(Saved entries)
____

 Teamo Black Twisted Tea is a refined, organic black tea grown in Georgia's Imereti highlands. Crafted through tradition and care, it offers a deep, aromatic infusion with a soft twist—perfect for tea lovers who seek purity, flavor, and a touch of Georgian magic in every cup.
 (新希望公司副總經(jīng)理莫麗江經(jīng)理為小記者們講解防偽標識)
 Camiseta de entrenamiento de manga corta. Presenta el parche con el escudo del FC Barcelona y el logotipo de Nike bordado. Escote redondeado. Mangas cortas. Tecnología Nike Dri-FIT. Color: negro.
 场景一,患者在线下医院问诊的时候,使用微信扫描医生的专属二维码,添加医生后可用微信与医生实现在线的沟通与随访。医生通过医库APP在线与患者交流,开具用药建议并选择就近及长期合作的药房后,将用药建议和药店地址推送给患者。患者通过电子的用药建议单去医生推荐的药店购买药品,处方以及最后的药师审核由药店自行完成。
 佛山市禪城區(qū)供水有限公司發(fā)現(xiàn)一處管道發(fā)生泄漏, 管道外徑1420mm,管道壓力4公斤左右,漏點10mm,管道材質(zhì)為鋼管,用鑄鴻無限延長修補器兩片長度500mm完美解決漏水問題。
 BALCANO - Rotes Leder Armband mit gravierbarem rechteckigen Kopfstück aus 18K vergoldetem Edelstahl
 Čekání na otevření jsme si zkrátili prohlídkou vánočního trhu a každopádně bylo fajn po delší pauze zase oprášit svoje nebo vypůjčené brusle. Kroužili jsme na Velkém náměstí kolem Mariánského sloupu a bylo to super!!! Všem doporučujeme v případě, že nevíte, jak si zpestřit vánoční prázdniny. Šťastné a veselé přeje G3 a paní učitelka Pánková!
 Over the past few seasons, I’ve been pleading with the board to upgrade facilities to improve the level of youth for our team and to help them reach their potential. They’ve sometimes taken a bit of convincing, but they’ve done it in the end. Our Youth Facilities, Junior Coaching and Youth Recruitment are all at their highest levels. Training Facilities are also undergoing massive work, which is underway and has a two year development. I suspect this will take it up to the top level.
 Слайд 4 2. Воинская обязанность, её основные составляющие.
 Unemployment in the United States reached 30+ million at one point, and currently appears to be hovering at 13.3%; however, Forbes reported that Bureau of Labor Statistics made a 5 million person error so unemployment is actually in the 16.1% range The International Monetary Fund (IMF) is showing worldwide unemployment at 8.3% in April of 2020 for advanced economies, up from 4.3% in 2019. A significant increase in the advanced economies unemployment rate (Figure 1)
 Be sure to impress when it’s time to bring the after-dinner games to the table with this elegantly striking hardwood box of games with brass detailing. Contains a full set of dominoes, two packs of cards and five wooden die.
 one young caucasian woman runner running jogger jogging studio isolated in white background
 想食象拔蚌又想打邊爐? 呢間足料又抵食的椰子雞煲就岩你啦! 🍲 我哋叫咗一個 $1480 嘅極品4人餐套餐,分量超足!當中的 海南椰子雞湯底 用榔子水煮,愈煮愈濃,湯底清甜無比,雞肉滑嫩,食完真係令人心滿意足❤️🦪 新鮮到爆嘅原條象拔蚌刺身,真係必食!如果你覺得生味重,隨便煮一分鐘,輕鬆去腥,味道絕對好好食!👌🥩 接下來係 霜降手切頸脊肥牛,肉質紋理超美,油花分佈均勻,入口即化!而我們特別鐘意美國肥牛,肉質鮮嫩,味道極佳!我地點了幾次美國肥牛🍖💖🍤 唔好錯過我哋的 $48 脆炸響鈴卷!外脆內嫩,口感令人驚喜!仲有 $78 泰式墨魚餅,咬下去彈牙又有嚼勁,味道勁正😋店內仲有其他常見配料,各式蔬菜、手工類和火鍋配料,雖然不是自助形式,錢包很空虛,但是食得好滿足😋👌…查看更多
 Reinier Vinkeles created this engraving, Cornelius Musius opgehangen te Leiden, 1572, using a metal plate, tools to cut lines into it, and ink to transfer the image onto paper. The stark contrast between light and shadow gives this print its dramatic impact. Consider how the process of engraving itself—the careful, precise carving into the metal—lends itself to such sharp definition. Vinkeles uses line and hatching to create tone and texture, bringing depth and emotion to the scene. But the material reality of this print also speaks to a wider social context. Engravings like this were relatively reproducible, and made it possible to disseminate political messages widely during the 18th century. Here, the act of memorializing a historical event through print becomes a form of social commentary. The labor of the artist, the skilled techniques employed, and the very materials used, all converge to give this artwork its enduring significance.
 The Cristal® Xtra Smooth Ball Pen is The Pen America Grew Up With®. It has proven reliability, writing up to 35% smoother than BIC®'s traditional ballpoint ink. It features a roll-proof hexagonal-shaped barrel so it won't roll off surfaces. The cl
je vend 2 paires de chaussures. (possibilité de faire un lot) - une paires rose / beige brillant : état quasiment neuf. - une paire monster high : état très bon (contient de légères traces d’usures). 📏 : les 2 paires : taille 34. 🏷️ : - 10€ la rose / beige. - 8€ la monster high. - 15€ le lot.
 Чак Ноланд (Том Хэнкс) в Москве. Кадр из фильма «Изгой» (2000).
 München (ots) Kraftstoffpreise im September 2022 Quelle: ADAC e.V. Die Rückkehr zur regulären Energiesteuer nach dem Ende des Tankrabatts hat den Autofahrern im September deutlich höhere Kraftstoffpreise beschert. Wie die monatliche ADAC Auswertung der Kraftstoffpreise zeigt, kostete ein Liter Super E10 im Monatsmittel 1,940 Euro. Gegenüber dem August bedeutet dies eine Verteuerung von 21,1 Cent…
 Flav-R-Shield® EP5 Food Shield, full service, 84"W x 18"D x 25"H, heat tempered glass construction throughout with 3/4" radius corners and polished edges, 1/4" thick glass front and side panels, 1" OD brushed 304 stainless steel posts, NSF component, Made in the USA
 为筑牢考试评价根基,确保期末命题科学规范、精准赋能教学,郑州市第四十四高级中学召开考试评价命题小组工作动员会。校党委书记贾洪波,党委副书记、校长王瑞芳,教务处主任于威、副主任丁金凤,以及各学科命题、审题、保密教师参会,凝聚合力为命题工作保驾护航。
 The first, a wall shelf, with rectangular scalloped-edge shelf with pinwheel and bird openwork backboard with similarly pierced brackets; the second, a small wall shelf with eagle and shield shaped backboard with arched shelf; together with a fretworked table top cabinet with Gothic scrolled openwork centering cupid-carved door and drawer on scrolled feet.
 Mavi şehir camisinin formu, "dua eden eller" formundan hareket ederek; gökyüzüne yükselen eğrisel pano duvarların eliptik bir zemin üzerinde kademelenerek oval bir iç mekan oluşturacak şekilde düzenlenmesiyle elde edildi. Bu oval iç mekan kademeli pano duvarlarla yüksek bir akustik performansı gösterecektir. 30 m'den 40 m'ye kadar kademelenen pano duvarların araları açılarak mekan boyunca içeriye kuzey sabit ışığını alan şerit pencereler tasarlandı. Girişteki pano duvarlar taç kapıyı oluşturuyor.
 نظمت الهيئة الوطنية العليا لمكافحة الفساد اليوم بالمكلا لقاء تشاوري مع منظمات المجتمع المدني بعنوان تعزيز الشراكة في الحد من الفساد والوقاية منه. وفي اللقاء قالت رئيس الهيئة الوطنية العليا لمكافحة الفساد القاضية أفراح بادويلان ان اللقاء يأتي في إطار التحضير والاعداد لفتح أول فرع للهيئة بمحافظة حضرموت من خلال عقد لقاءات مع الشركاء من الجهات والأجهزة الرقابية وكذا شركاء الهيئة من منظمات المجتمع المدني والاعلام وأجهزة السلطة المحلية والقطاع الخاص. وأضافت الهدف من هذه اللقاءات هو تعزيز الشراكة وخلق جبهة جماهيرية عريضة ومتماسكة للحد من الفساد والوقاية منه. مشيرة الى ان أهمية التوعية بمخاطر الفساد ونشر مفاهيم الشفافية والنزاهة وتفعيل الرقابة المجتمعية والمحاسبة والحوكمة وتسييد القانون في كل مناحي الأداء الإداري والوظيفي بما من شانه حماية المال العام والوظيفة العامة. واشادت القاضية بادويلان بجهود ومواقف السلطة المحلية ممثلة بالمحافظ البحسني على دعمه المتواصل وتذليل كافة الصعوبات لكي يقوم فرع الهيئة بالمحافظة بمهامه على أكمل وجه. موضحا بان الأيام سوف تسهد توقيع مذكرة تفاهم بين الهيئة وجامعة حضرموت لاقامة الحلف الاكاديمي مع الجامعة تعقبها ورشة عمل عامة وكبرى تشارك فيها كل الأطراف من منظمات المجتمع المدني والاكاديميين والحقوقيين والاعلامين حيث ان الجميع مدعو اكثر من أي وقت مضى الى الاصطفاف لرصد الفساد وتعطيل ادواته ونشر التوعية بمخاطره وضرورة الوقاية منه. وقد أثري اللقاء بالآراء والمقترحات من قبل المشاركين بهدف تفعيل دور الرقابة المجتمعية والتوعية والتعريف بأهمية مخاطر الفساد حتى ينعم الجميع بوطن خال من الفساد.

____

Search the entries above for the word "shaped", and copy every line where it occurs.

 The Cristal® Xtra Smooth Ball Pen is The Pen America Grew Up With®. It has proven reliability, writing up to 35% smoother than BIC®'s traditional ballpoint ink. It features a roll-proof hexagonal-shaped barrel so it won't roll off surfaces. The cl
 The first, a wall shelf, with rectangular scalloped-edge shelf with pinwheel and bird openwork backboard with similarly pierced brackets; the second, a small wall shelf with eagle and shield shaped backboard with arched shelf; together with a fretworked table top cabinet with Gothic scrolled openwork centering cupid-carved door and drawer on scrolled feet.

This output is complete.